Dan ketika melihat adiknya berada di cafe, Mario langsung menghampiri adiknya.
“ Kau pasti sudah tahu, aku yang mendonorkan tulang sumsum," ucap Jena.
“Hmm, kakak berterima kasih atas itu, dan juga kakak ingin meminta maaf atas sikap kakak.”
Mendengar permintaan maaf dari kakaknya, mata Jena membasah. Sebenarnya permintaan maaflah yang selalu Jena tunggu, tidak harus melakukan hal yang berlebihan. Dengan kata maaf saja seolah bisa mengobati lukanya.
“Kakak minta maaf atas apa yang terjadi di masa lalu," ucap Mario dengan tulus.
Jena bangkit dari duduknya. “Aku maafkan." Karen Jena sudah tidak bisa menahan tangisnya, Dia memutuskan untuk keluar dari Cafe. Memang Apa yang dilakukan Mario dan permintaan maaf Mario terkesan sederhana. tapi bagi Jena yang mengalami hal buruk dengan keluarganya. Tentu saja itu berkesan.
****
“Pikirkan cara bagaimana untuk menculik anak itu!" Chatrine Berbicara dengan keras, sebab dia sudah kesulitan mencari cara untuk menculik Haura, dia sudah berusaha mengajak pelayan yang bekerja di rumah Helmia untuk bekerjasama. Tapi semua pelayan itu menolak dan sekarang dia menuntut Alan untuk membantunya.
Alan menghela nafas ketika mendengar tuntutan dari Catherine. Rasanya, dia hampir gila, apalagi sekarang dia sedang menghadapi perusahaannya yang kolaps karena Helmia, dan sekarang Catherine malah menyuruhnya seperti ini.
Di satu sisi lain, dia masih tetap Ingin menggapai maaf Chatrine dengan cara mengikuti kemauan istrinya, walaupun harus mengorbankan anak kandungan sendiri. Tapi di satu sisi lain juga, dia tidak bisa melawan Helmia dan juga perusahaan Zico.
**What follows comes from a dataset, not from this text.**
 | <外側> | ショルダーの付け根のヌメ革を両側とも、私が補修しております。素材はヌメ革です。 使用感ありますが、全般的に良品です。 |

Kemarin saja akibat Chatrine mengganggu Jena, perusahaannya sudah terguncang, lalu bagaimana jika dia menyentuh cucunya yang sekarang berada di tangan Helmia.
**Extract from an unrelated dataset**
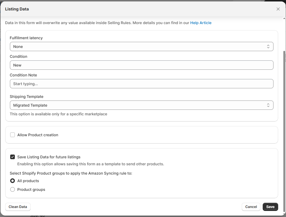 Après avoir enregistré les données d'annonce pour un produit, vous pouvez l'envoyer immédiatement ou le convertir en règle de synchronisation (option "Enregistrer les données d'annonce pour les futures annonces"). Lorsque cette option est activée, tous les paramètres ci-dessus seront convertis en règle de synchronisation Amazon, que vous pourrez modifier ultérieurement (plus d'informations à ce sujet dans la section suivante). Vous pouvez enregistrer le préréglage pour toutes les annonces ou uniquement pour des types spécifiques (en fonction d'un type de produit, d'une collection ou d'une catégorie Shopify correspondant).

“Cepat pikirkan!" Helmia berteriak dengan kencang, karena Alan tidak menggubris pertanyaannya. Membuat Alan mengusap wajah kasar.
“Kita tunda dulu semuanya, tolong hentikan ambisimu sekarang, perusahaan jauh lebih penting," ucap Alan yang berusaha untuk menjelaskan dan menenangkan Chatrine.
Mendengar itu, Cahtrine kembali dilanda emosi. Bagaimana mungkin Alan mengatakan hal seperti itu. ”Kau mengatakan itu karena kau tidak tahu rasanya menjadi aku. Apa kau ingin membela anak itu sekarang!” teriak Cahtrine hingga emosi Alan terpancing.
“Catherine!” bentak Alan. Dia bangkit dari duduknya. “Kumohon, aku akan membantumu nanti apapun. Tapi tolong jangan sekarang. Aku harus memperbaiki perusahaan.”
Belum Chatrine menjawab, tiba-tiba Mario masuk ke dalam kamar kedua orang tuanya, dia tidak sengaja melewat dan mendengar semuanya hingga dia langsung masuk kedalam
“Mom, cukup tolong hentikan sampai di sini," ucap Mario. Dia yang tadinya tidak peduli dengan apa yang di lakukan oleh ibunya pada Jena, mendadak ingin menghentikan kelakuan ibunya.
“Apa-apaan, Kau!" Hardik Chatrine dia semakin pusing ketika Mario seperti ini.
“Mom, kumohon tolong hentikan. Dendam hanya akan merugikan Mommy," balas Mario. Membuat Chatrine berdecak.
“Oh, jadi kalian sekarang ingin mengasihani anak itu!' Teriak Chatrine. Alan mengusap wajah kasar, dia pun langsung menarik tangan Mario untuk keluar dari kamar. Sebab, tidak akan ada habisnya jika terus berada di dekat wanita itu.